What does the migration engine do today?
MySQL → Postgres in three clicks: pick a source MySQL Direct Connection, pick a target Postgres Direct Connection, plan, execute. Schema is inferred via information_schema; type mapping handles tinyint(1)→bool, AUTO_INCREMENT→SERIAL, JSON→JSONB, ENUM→TEXT (lossy, flagged), unsigned ints widening, etc. Data streams in pages of 1,000 (configurable) with per-table row-count validation. Mongo → Postgres and DynamoDB → Postgres are on the roadmap.
What about playbooks and DR testing — do they work for any database?
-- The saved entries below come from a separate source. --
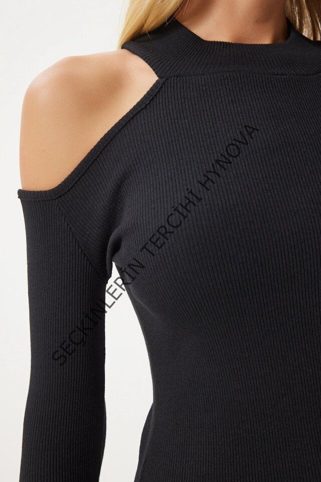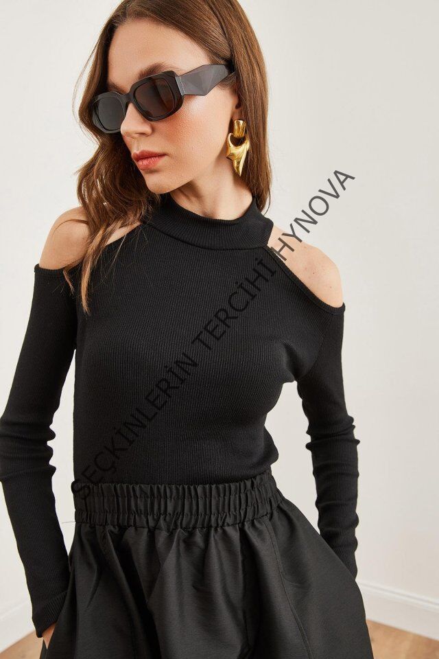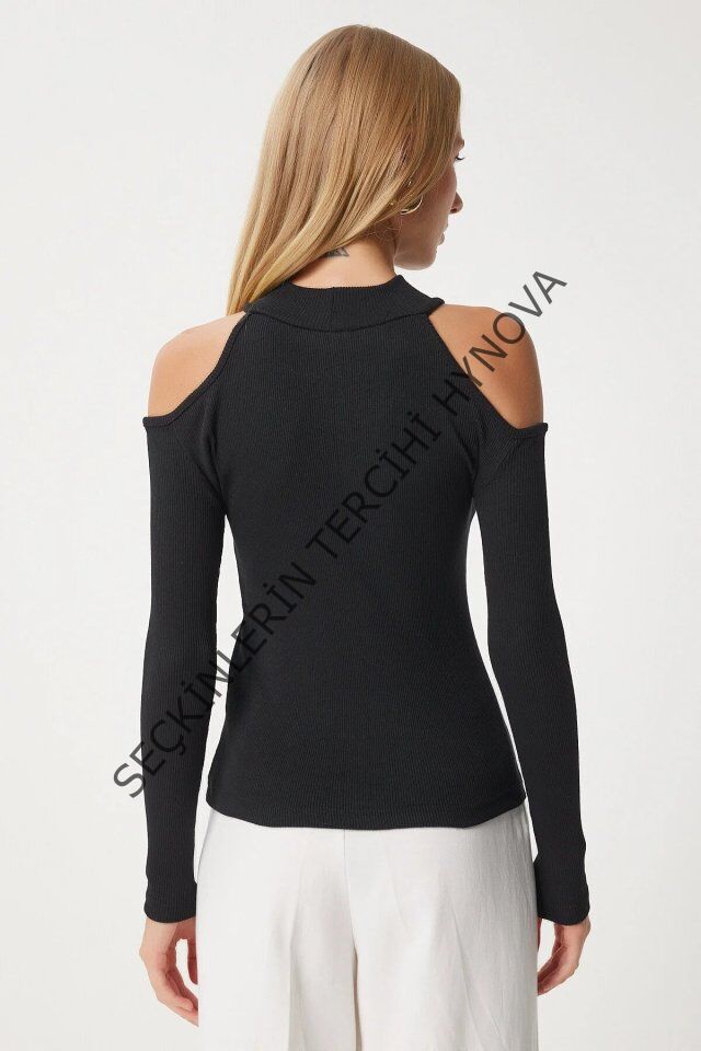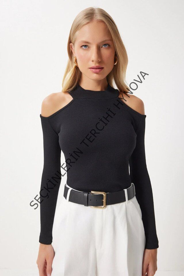 Kadın Uzun Kollu Omuz Dekolteli Kaşkorse Kumaş Bluz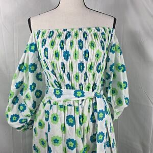 Beulah Style Maxi Dress Women One Size White Blue Green Floral Off Shoulder Boho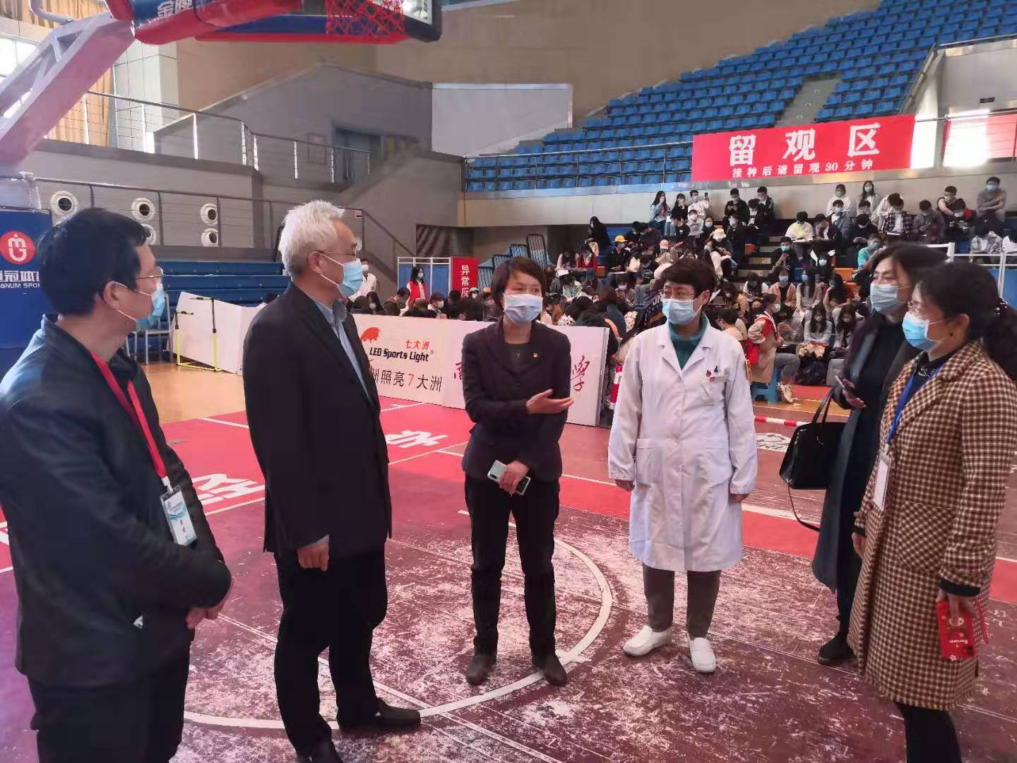 为响应省委、省卫健委号召,4月13日,我校首批师生新冠肺炎疫苗接种工作在仙林校区体育馆正式启动。栖霞区副区长卢静,校疫情防控领导小组组长、副校长李群、张为付到现场指导疫苗接种工作。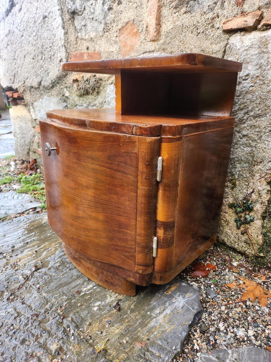 This is an antique nightstand, bedroom side table made in the 1930s. It is made of wood. The nightstand is in authentic art deco style and design. It is kept in a very good condition for its age, without areas of rotten wood. There are visible some signs and scratches of use/age. Also visible very small holes caused by wood warms.
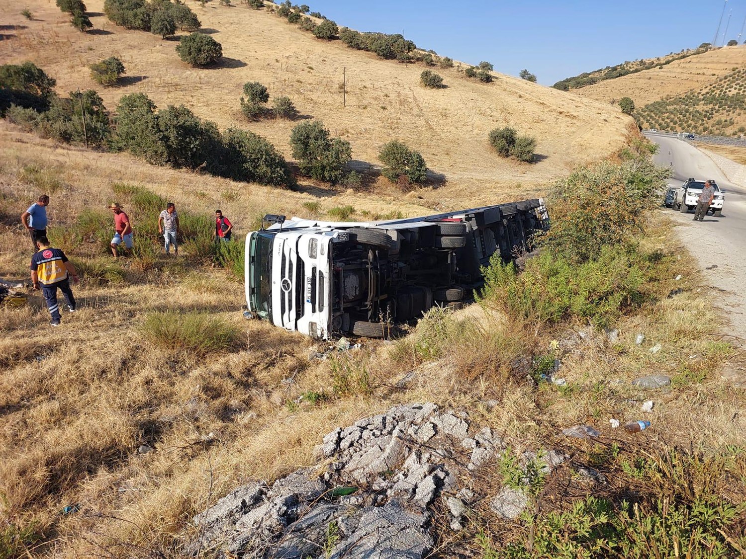 Kaza, saat 17.30 sıralarında İzmir-Ankara D300 Karayolu Kemaliye Kavşağı yakınlarında meydana geldi. Edinilen bilgiye göre, Hüseyin Coşkun (59) idaresindeki 35 BIA 316 plakalı tır, kavşaktan çıkarak yola bağlanmak istediği sırada sürücünün direksiyon hakimiyetini kaybetmesi sonucu yolun kenarında yan yattı. Kazayı gören vatandaşların durumu 112 Acil Çağrı Merkezi’ne bildirmesi üzerine olay yerine jandarma ve sağlık ekipleri sevk edildi. İlk müdahalesi olay yerinde yapılan yaralı sürücü, ambulansla Kula Devlet Hastanesi’ne kaldırıldı. Yaralı sürücünün durumunun iyi olduğu öğrenilirken, kazayla ilgili soruşturma başlatıldı.

Honest scope: Incident Playbooks, DR Testing, Right-Sizing, Transaction Tracer, and the embedded Topology view in Monitoring all require Kubernetes (we talk to the operator + pods directly). Capacity Forecasting needs the K8s metrics-server for live metrics. Upgrade Advisor and Compliance work on both K8s and Direct Connect (Upgrade Advisor falls back to declared version when in-pod probes are unavailable).
Can I connect to non-Kubernetes databases?
Yes. Direct Connect lets you register databases on VMs, bare-metal, or cloud-managed services (AWS RDS, Google Cloud SQL, MongoDB Atlas, Azure Database) by providing the connection details. SaaS engines (BigQuery / Snowflake / Redshift / Databricks) also use Direct Connect with their respective auth methods.
Does it send my data to the cloud?
No. DBHelm is offline-first. All configuration, credentials, and kubeconfigs are stored locally in an encrypted SQLite database (AES-256-GCM). Optional opt-in error reporting can be enabled in Settings; everything else stays on your machine. The only outbound calls are: (1) the cloud APIs you configure (Kubernetes / RDS / Cloud SQL / etc), (2) AI provider when you configure one, (3) the optional Git remote when DBHELM_STATE_GIT_REPO is set, (4) the auto-updater check.
Can I extend it without forking?
Yes — the @dbhelm/sdk package exposes typed interfaces for ClusterProvisioner, BackupProvider, ScheduleProvider, ObjectAdminProvider, and SaasProvider. Drop a .mjs file into ~/.dbhelm/plugins/ and DBHelm loads it at boot. The /plugins page (super-admin only) shows what loaded, manifest details, and reason-if-skipped.
Why does SmartScreen / Gatekeeper show a warning?
This is standard for unsigned desktop applications. On Windows click "More info" → "Run anyway", on macOS right-click → Open. Apple Developer ID code-signing + Windows EV cert are on the roadmap.